Everyone in this town knows what you are, a jeer,
A goddamned bitch that won’t seal this cleft.
I’m man enough for you to trust me.

But you’re a wench that’s going to veer,
and I don’t deserve the punishment of your theft.
If you could just behave and do what I tell you.

I never promise a woman anything, not as a peer,
but I’ll guarantee you, at finding I sure am deft.
I’m man enough for you to trust me.

Now, I’m going to make this loud and clear.
I’ve got this aching in my head that leaves me bereft.

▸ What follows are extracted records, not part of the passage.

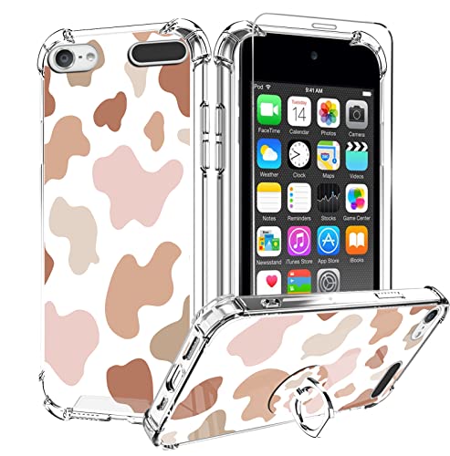 KANGHAR Case for iPod Touch 7/6/5 iPod Touch 5th/6th/7th Generation Pink Brown Soft TPU Bumper | Cute Cow Print, with Screen Protector, Kickstand Ring Holder, Shockproof Cover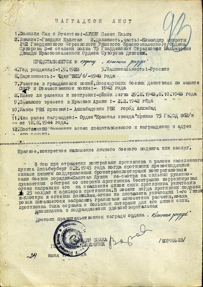 Мой прадедушка – Лукин Семён Ильич родился 1 сентября 1923 года. Когда началась война, моему прадедушке не было ещё 18 лет, но его всё равно забрали на учение в Свердловское высшее училище на командиров Красной Армии. Это училище он окончил с отличием, ему было присвоено звание лейтенанта. После окончания училища прадедушку отправили на фронт. Он участвовал на разных направлениях фронта. Но особо необходимо отметить Орловско – Курскую битву с 5 июля по 23 августа 1943 года. Это одна из крупнейших битв Великой Отечественной войны 1941-1945 годов. Вот здесь мужественно сражался артиллерийский полк из Ашхабада, в котором служил мой прадед. Он был командиром роты, проявил себя как умелый командир и опытный боец. За что был награждён орденом Красной Звезды. Также он участвовал в битве за Берлин. Благодаря умелым действиям моего прадедушки, его мужеству и отваге, атака противника была сорвана. За это он получил ещё один орден Красной Звезды. Мой прадедушка имел много медалей и даже личное поздравление от И. В. Сталина. Также он участвовал в параде Победы на Красной площади 1945 года. На родину в Ашхабад он вернулся только в декабре 1947 года. Но к большому сожалению, из-за боевых ранений очень рано умер, в возрасте 43 лет. Я очень горжусь своим прадедом, он настоящий герой!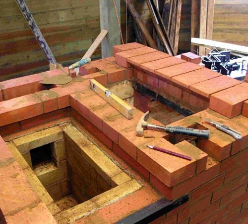 Afin d'obtenir un haut niveau d'efficacité et de brûler efficacement le carburant avec un dégagement de chaleur maximal, la section de combustion doit être correctement équipée. La température à l'intérieur de la chambre de combustion doit être élevée, car cette chaleur est générée et le four chauffe. Cet élément du four est fait de briques d'argile réfractaire jaune clair. Pour la fabrication de mortier pour maçonnerie, on utilise de l'argile réfractaire. Veuillez noter que la brique rouge ordinaire et sa version en argile réfractaire diffèrent par le coefficient de dilatation thermique, de sorte que leur empilement proche l'un de l'autre est inacceptable. L'intervalle entre ces types de briques doit être de 0,6 cm.

I’m man enough for you to trust me.

“Happy Birthday to Me”
slobbering, blow them
yellow flames, they are spoon-fed
three for thirty-three


“Loose Leaves”
tight-tight overshoes
keep your frozen hands tucked tight
in your tight pockets


“At the Bottom of Everything”
pity and fear- two
loose ends tied up with jimson
I saw And I cried.
"Oh, You Are the Roots That Sleep Beneath My Feet and Hold the Earth in Place"
I told Father it was me
sitting waiting watching in that tree
a gull perched on the thread of mockery
so high- the smell of honeysuckle
nursing, latching onto me
the way iodine stings on my thumb
or the way she smells like potpourri.
But it’s all nothing, a train ride to nowhere,
a huffing breathless instance of life
that jerks into a halt of silence
at its moving-sitting-still destination.
And I meandered along
with the weight of her bosom and my hands and
the everlasting ongoing continuity of that damned watch
ticking ticking in its self-assured wrongness
all neatly packaged in a rectangular box
and tied up with a little string.
It’s easy if you try.
Did you? Did you?
You can’t know anything
but that second-hand smoke
filling your lungs with knotted up gnats
that skim the surface of the water’s edge
as you look too close at your own reflection.
That, sir, is what we call tragedy.
And if you’ve never tasted the fruit of the tree,
if you’d never have had it at all,
how can you know? You can’t know.
I’m caught in a haze of drowsing infinity,
a slipping fleck of a shadow on the sun
that mindlessly drones on in assimilation,
a yellow ant on the floating log that is my future
unwinking, motionless, stirred about in my
weak-coffee-dust-stalemate existence.
And not a soul knows.
It’s lonely. Breathless.
The vines creep in when it’s dusk, and the smell
of hot damp worms comes wafting in
as the lights under my hands turn on to show the way,
and the fishbone is still lodged in my throat.
I try to spit it out, but it’s stuck there.
Do you care now?
Did you? Did you?
You don’t have to if you don’t want to.
It’s just
your gasoline lips
pressed against my nose
my swan-throat
my dead face.
I am an accumulation of nothing.
I is the saddest word of all.
And nobody knows what I know until I is not.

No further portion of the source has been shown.